The storm that is coming towards this country is beyond anything imaginable. The country is bankrupt, and is now being dictated to on fiscal policy. Whether it is right or wrong, the IMF etc. follow a simple play book: cut spending, cut public service workers, increase taxes, do what ever it takes to get the budget under control. They are now running the country. Everything they do, and the state of the banking sector means that property prices are only going one way. And to be honest, with the way things are going, in a year or two, property prices may be the least of ones worries.

Actually, the last thing that you want is an expert, or some one like me to tell you what to do.
Don’t believe me or anyone else, but go around the country and just really look at the place. There are empty buildings to let/sale everywhere! In what one would refer to as the nice parts of Dublin, every other building seems to be up for sale. There are deserted housing estates littered through out the country/cities. Take a look at google street view of the empty ghost estates, every where one looks in the country is full of empty buildings. Just LOOK at the place.

Take a look at a basic risk/reward of what might happen over the next two years:
Case 1: you don’t buy, worst/most optimistic case scenario, you rent for a couple of years and then you are able to buy the same place at a similar price to now. How would you feel? A bit silly for not having bought a little earlier, wasted a little money on rent ?
Case 2: You do buy now and what I and most people on this site think is about to happen, happens. Property drops another 50%, property taxes come in, all other taxes rise. You are in massive negative equity. Think how would you feel if this scenario happens?

I know quite a few people who bought in the last couple of years. They though they were getting a good deal, 15,20,30 % off the peak price.
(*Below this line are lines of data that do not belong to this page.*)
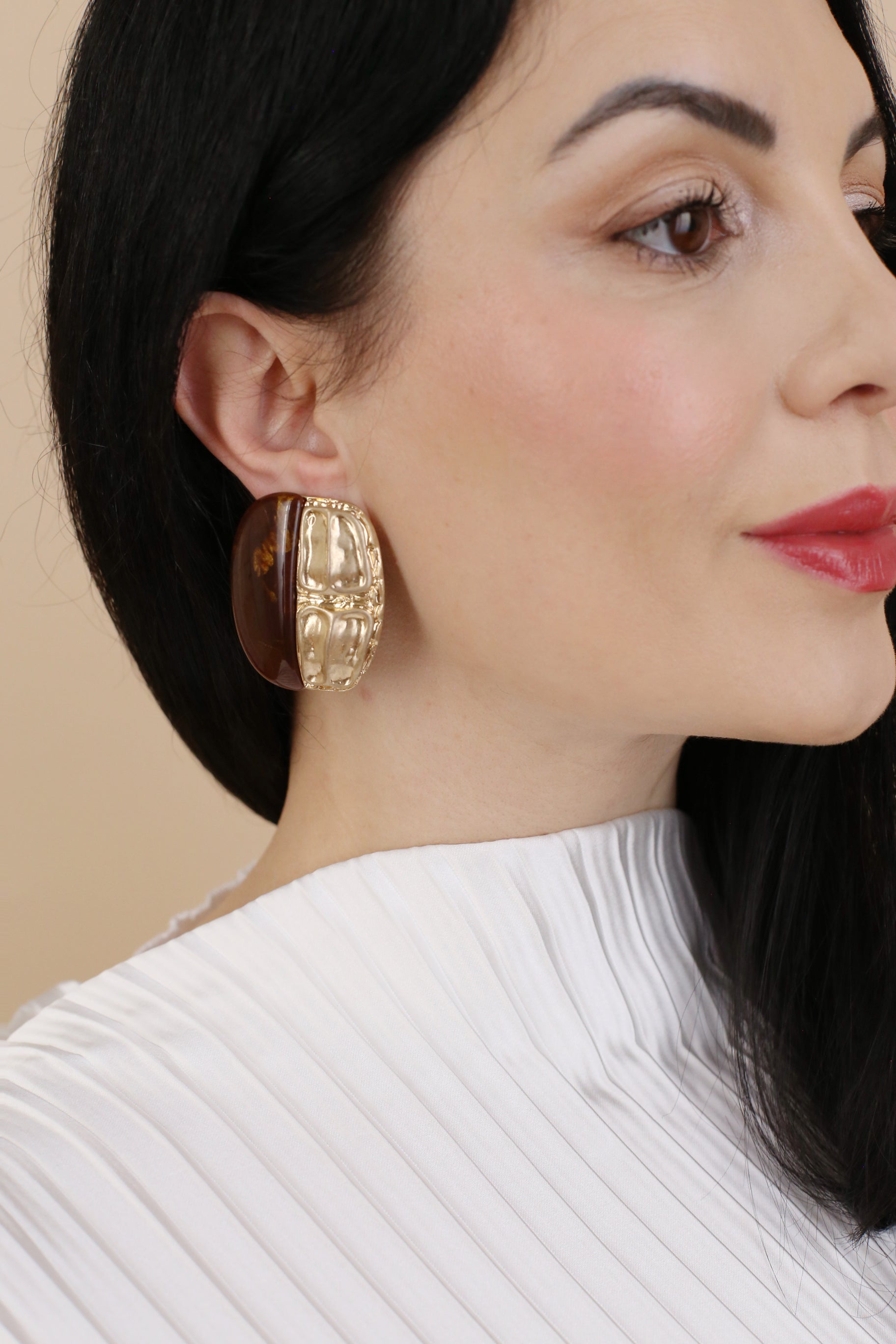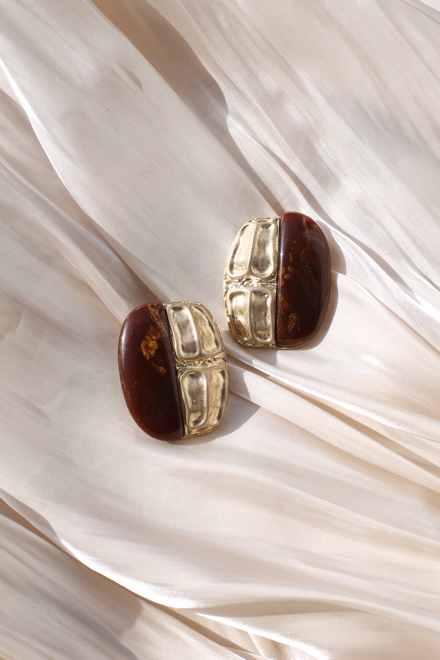 Liora is a bold vintage statement with warm, earthy elegance. These clip-ons feature a sculptural half-moon amber resin (with beautiful marbled depth) paired with a textured gold-tone panel for a striking two-part design. The perfect piece to elevate neutral looks, linen sets, and chocolate-brown tones—effortlessly chic, day to night.
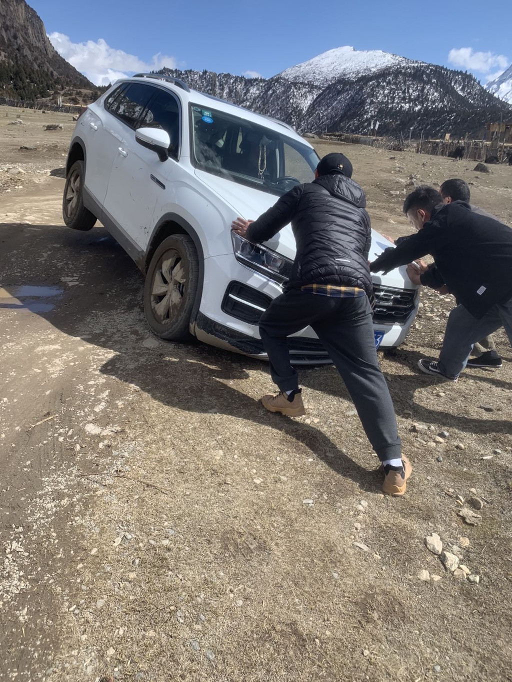 这就是我开坑里的时候,还好有几个兄弟来帮忙,所以开车要谨慎,路况很随机,保险还是要买的
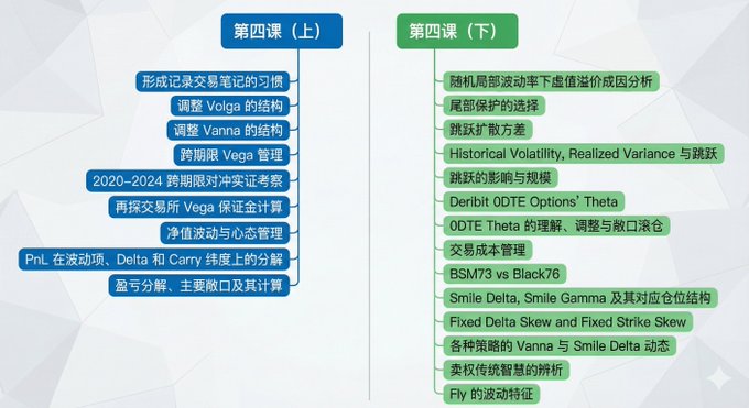 期权结构虽然长期Contango,但不是直接看IV”买近卖远”这么简单。 你如果想把日历套利做成稳定赚钱、净值更平滑的策略,还要从现实层面去考虑一件事:你每天付出的时间损耗(Theta)和成本,换回来的这些波动收益,到底划不划算? 这里有个很少人讲的坑:行情一旦走出你预期的区间,近端那部分的对冲效果就会大大减弱,结构也会悄悄变形,把主要的风险落在远端那条腿上。 于是就会陷入一个困境,看着像在套利,交易体验却像在扛单😅 第四课@JeffLia12309881 把讲义从50页增加到70多页,还多讲了一节。为什么要花时间讲这些? 因为期权的日历套利想做到“净值更平滑,可长期复现”,就必须清楚整体的盈亏到底来自哪里,以及跨期限的Vega如何管理? 明白人看配图里的大纲估计就知道,为什么要讲了。只有先把这件事讲透,才有条件去“改进结构”,像Jeff也在群里分享了自己如何改进日历套利Gamma“性价比”的思路,这类细节都是拉开收益的地方。 所以常说:早点加入,有人把原理梳理清楚了,自己交易起来就少走弯路、少交学费。 欢迎添加VX:Maxli1700 了解课程,共同进步

They all deeply regret it now. How do you think they will feel in a few years time?

But if you really want to XX yourself, go on. Just don’t come back in a year or two wishing that you had done something different.

Thanks Curious One, I get it alright things are so uncertain & really not good… it’s speculating whether house prices will fall as much as we think they will… On the other hand is our money safe in any financial institution for the next week let alone few year’s… This really has been an exceptional week the timing couldn’t be worse for having to make a decision like this, I guess we’re in the better position in that we have a choice right now… Any idea how long one can stretch out the process of signing contracts! For your info the house we’ve paid the booking deposit on is down €120k on peak… Decisions bloody decisions!

The Curious One was kind enough to answer your question, most people these days think exactly the above but won’t even answer any more. Some weeks ago this type of thread would have sparked tens of answers now everybody is going to think you’re so mad to even consider it it’s not even worth replying. I am one of them by the way. Have you noticed there aren’t even any “what’s it worth” threads any more?

Word in the street is that estate agents are getting very good at solitaire

A lot of properties have fallen effectively by at least 50% from peak prices, perhaps not the advertised price but certainly the one being paid at the end, at least the properties that are (were) actually selling (NOTHING is selling right now). A lot of people here believe prices will ultimately fall by 70 to 75% from peak. Nobody can tell for sure the exact percentage but what even my 4-year-old knows is that the price falls haven’t stopped just yet, not by a long stretch

When we bought our first house in Ireland in 1992 we where making a combined IRP53k (maybe more -can’t remeber), and our mortagage was IRP62.5k. We struggled to get the mortgage (and I was Public Sector, missus was in an insurance company, young educated and on a serious career path)

That was the standard then, I dont see whats changed.

Dont buy.

Your feet should be in blocks of ice at the moment.

The current situation is very uncertain indeed. In certain fields of management theory there is a simple tool to help deal with uncertain situations, and to try to plan for uncertainties.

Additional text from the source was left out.